⟨

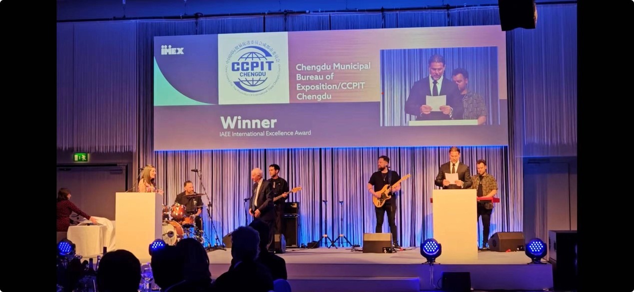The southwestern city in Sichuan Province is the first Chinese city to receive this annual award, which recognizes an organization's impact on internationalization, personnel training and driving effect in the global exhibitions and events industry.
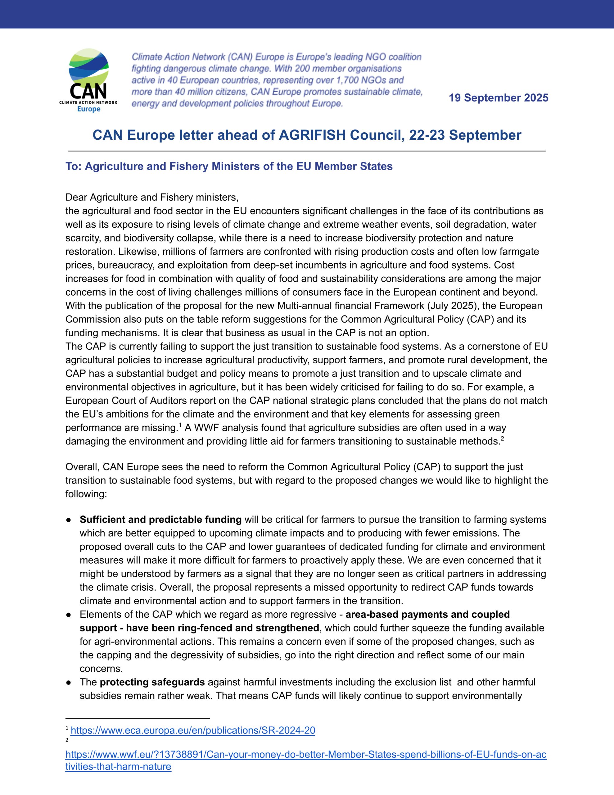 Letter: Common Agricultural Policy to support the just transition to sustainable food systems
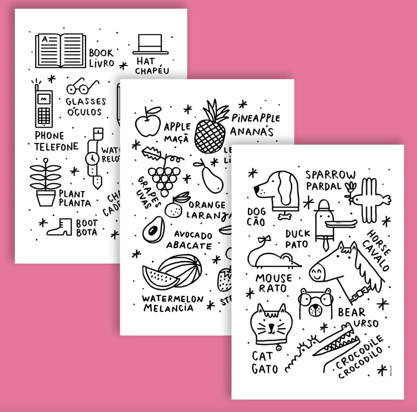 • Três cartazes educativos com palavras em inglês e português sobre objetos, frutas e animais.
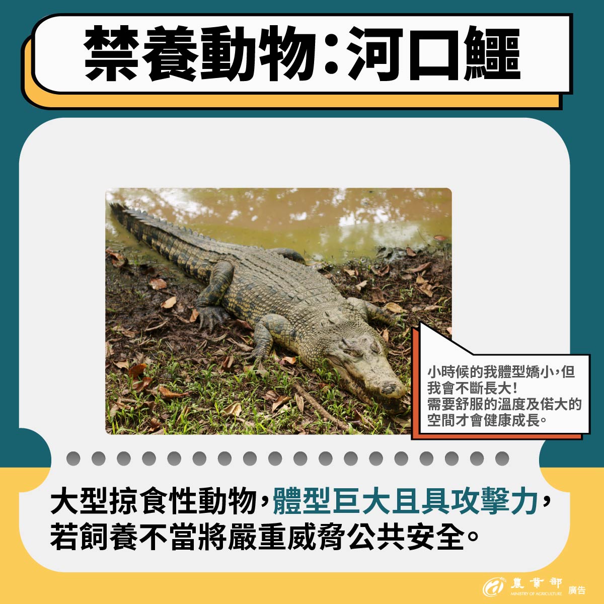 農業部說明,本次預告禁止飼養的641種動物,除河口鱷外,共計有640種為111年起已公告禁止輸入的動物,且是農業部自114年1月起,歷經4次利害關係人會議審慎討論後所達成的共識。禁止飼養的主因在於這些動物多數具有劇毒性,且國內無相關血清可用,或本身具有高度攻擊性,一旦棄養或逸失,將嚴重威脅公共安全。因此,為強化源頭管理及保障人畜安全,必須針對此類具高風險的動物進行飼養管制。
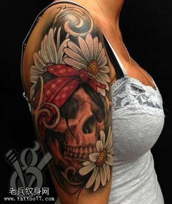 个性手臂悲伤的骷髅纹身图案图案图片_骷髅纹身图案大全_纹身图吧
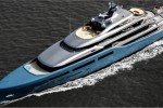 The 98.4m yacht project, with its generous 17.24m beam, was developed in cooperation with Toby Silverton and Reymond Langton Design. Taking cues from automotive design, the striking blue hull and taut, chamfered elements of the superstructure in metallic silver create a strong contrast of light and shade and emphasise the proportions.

⟩

Exercise -
Without including any picture, write out the material above verbatim.

Answer for the task -
The southwestern city in Sichuan Province is the first Chinese city to receive this annual award, which recognizes an organization's impact on internationalization, personnel training and driving effect in the global exhibitions and events industry.
 Letter: Common Agricultural Policy to support the just transition to sustainable food systems
 • Três cartazes educativos com palavras em inglês e português sobre objetos, frutas e animais.
 農業部說明,本次預告禁止飼養的641種動物,除河口鱷外,共計有640種為111年起已公告禁止輸入的動物,且是農業部自114年1月起,歷經4次利害關係人會議審慎討論後所達成的共識。禁止飼養的主因在於這些動物多數具有劇毒性,且國內無相關血清可用,或本身具有高度攻擊性,一旦棄養或逸失,將嚴重威脅公共安全。因此,為強化源頭管理及保障人畜安全,必須針對此類具高風險的動物進行飼養管制。
 个性手臂悲伤的骷髅纹身图案图案图片_骷髅纹身图案大全_纹身图吧
 The 98.4m yacht project, with its generous 17.24m beam, was developed in cooperation with Toby Silverton and Reymond Langton Design. Taking cues from automotive design, the striking blue hull and taut, chamfered elements of the superstructure in metallic silver create a strong contrast of light and shade and emphasise the proportions.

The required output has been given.